> [PROVIDED DATA]:
┌────────

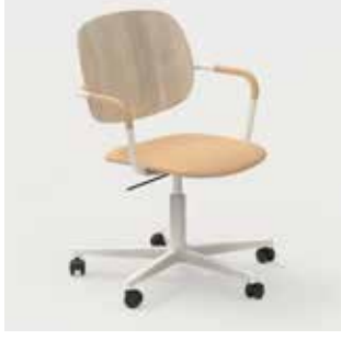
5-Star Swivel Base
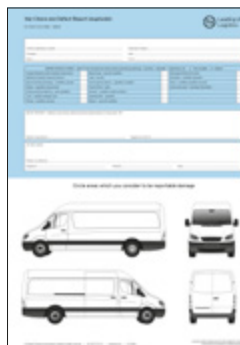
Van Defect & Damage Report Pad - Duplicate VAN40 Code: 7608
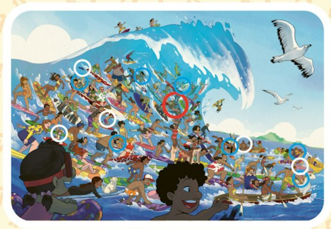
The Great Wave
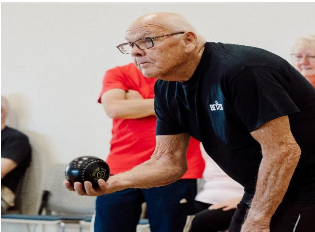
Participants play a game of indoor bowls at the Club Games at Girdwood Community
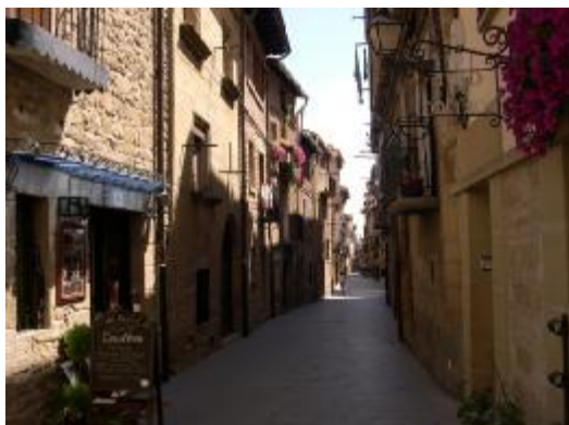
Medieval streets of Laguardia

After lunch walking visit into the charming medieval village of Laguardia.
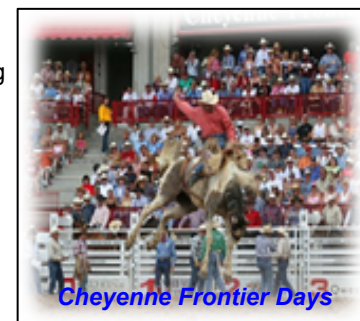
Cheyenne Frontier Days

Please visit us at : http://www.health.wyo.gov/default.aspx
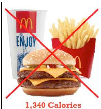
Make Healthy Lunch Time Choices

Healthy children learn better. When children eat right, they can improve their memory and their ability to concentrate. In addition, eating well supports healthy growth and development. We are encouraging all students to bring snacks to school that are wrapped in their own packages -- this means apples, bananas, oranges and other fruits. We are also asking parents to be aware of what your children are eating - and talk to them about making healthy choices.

└────────
┌────────

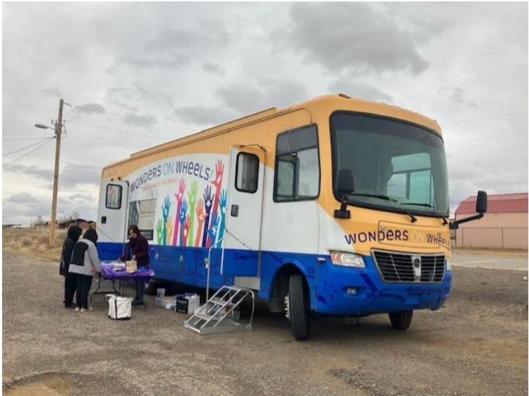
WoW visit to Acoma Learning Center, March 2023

└────────

> [ACTIVITY]: Give back exactly the lines above that run from the one with "After lunch walking" to the one with "Make Healthy Lunch Time Choices", including both, with the pictures left out.

> [OUTPUT FOR THIS EXERCISE]:
After lunch walking visit into the charming medieval village of Laguardia.
Cheyenne Frontier Days

Please visit us at : http://www.health.wyo.gov/default.aspx
Make Healthy Lunch Time Choices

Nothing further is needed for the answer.